*** RECORD EXCERPTS ***
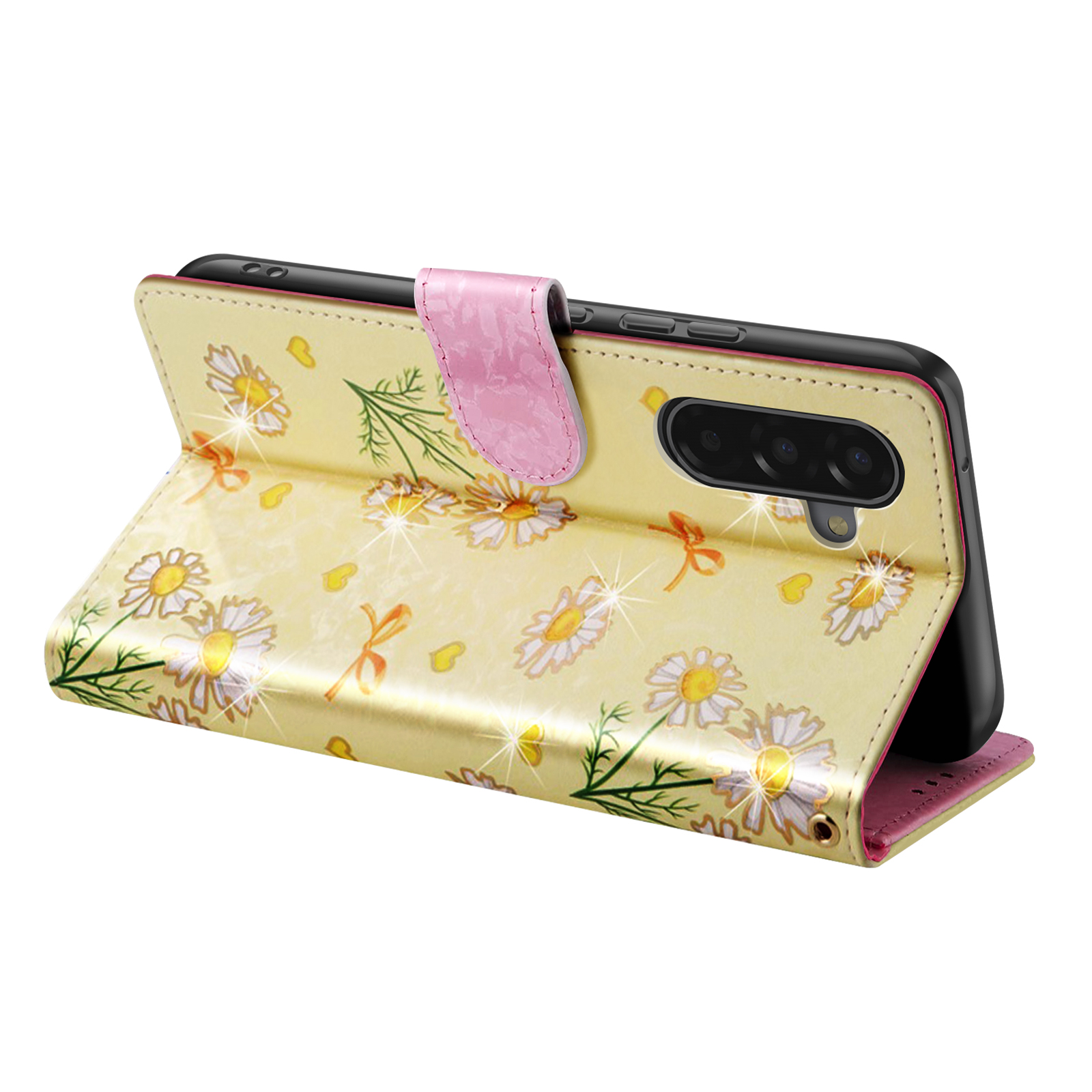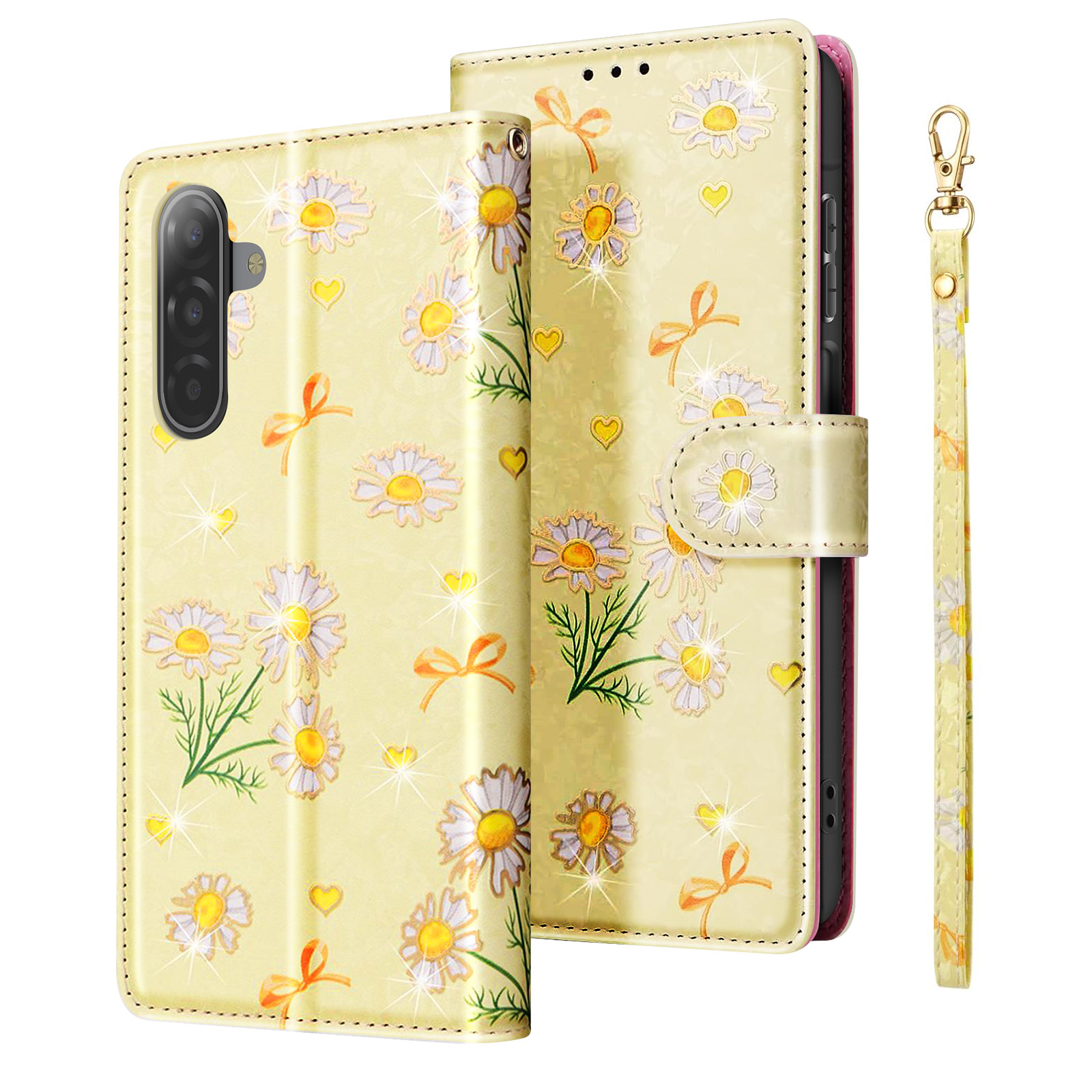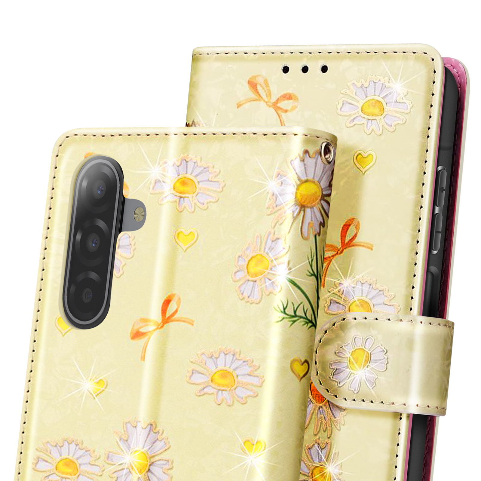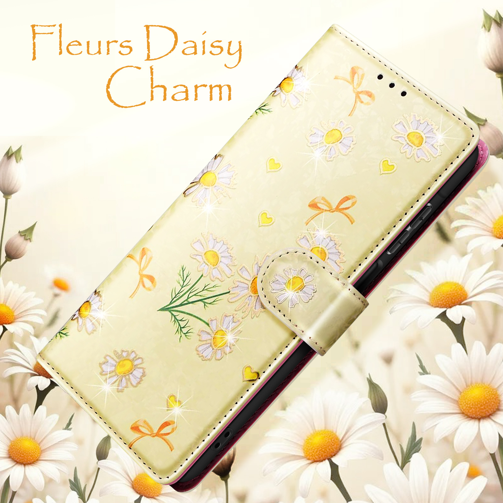 Étui portefeuille pour Samsung Galaxy A17 avec rabat aimanté, finition marguerites sur fond jaune doux. Support vidéo intégré, fonction anti RFID, emplacements cartes et billets. Fermeture par bouton pression et dragonne assortie incluse. Un étui pratique au style lumineux.
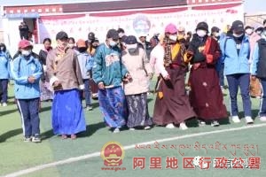 改则县中学全体师生欢聚在学校广场里,共同庆祝西藏百万农奴解放纪念日。首先是全校教师穿工作服,全体学生穿藏装升国旗、奏国歌、唱国歌,然后是初二(1)班学生代表普布卓玛在国旗下讲话,随之全校师生参观校德育室,接下来是改则县退休支部开展“新旧西藏”对比现身说教活动,最后全校师生在操场跳起欢快的锅庄。
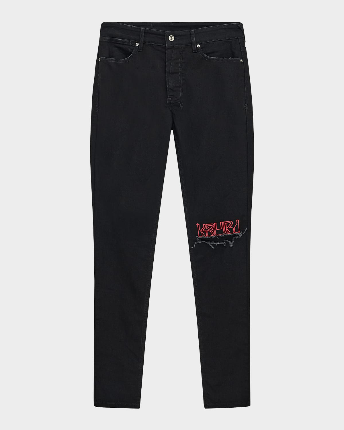 - Ksubi jeans made from premium comfort stretch denim in a black wash - Logo detailing with distressing on the left thigh - Regular rise - Five-pocket style - T-box and 4x4 embroidery - Signature woven pocket tag - Slim fit through skinny leg - Full length - Button-zip fly; belt loops - Branded hardware - Cotton/elastane - Machine wash cold, wash inside out - Imported
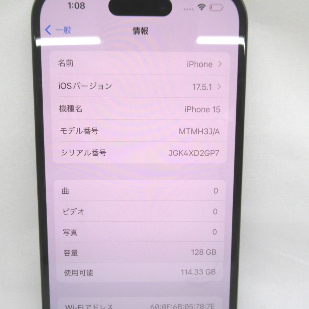 | 機種名 | iPhone15 |
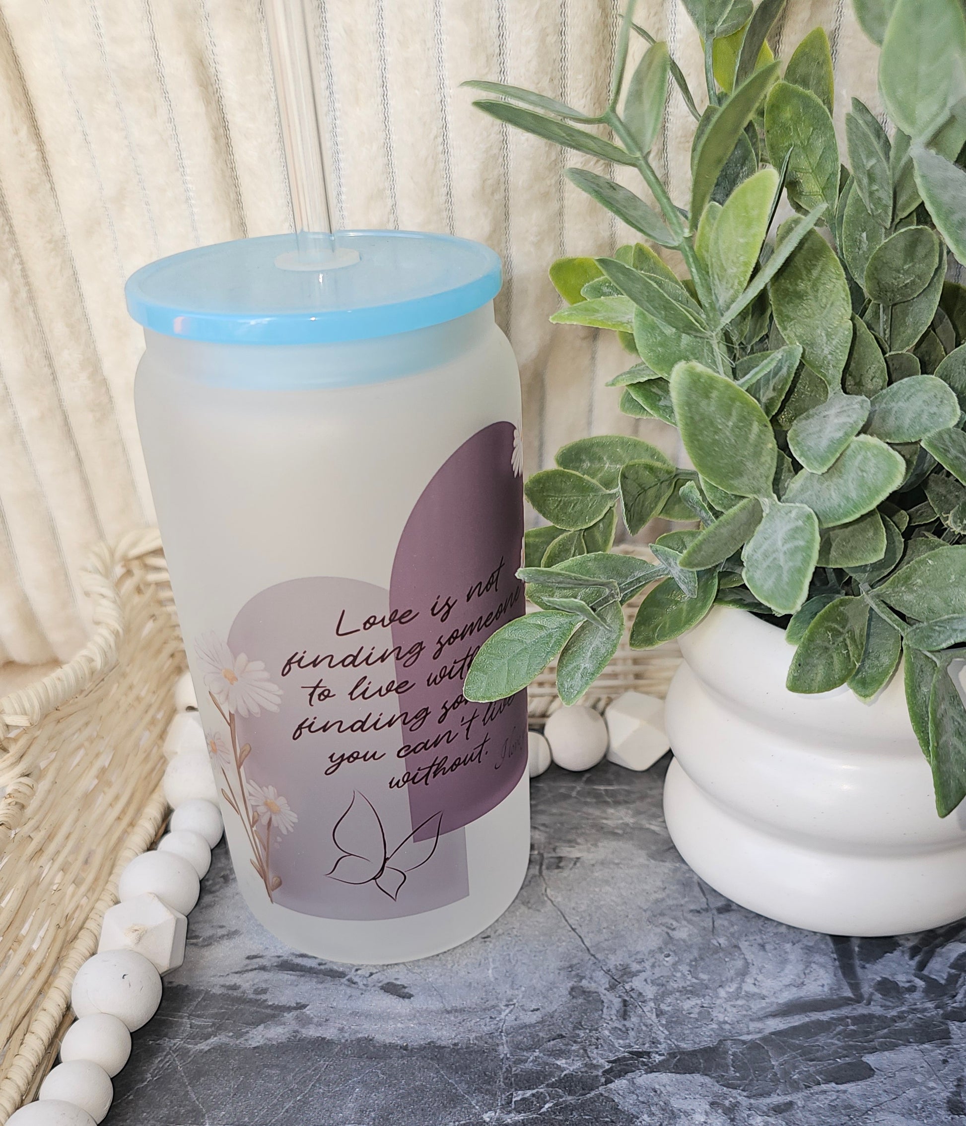 This glass can tumbler makes the perfect gift for anniversaries, weddings, or anyone you love deeply. Its soft matte look and clear design make it both chic and functional.
*** End of RECORD EXCERPTS ***
### WORK TASK:
Would you return all of the entries unchanged while omitting the images?

### RESULT FOR THIS EXERCISE:
 Étui portefeuille pour Samsung Galaxy A17 avec rabat aimanté, finition marguerites sur fond jaune doux. Support vidéo intégré, fonction anti RFID, emplacements cartes et billets. Fermeture par bouton pression et dragonne assortie incluse. Un étui pratique au style lumineux.
 改则县中学全体师生欢聚在学校广场里,共同庆祝西藏百万农奴解放纪念日。首先是全校教师穿工作服,全体学生穿藏装升国旗、奏国歌、唱国歌,然后是初二(1)班学生代表普布卓玛在国旗下讲话,随之全校师生参观校德育室,接下来是改则县退休支部开展“新旧西藏”对比现身说教活动,最后全校师生在操场跳起欢快的锅庄。
 - Ksubi jeans made from premium comfort stretch denim in a black wash - Logo detailing with distressing on the left thigh - Regular rise - Five-pocket style - T-box and 4x4 embroidery - Signature woven pocket tag - Slim fit through skinny leg - Full length - Button-zip fly; belt loops - Branded hardware - Cotton/elastane - Machine wash cold, wash inside out - Imported
 | 機種名 | iPhone15 |
 This glass can tumbler makes the perfect gift for anniversaries, weddings, or anyone you love deeply. Its soft matte look and clear design make it both chic and functional.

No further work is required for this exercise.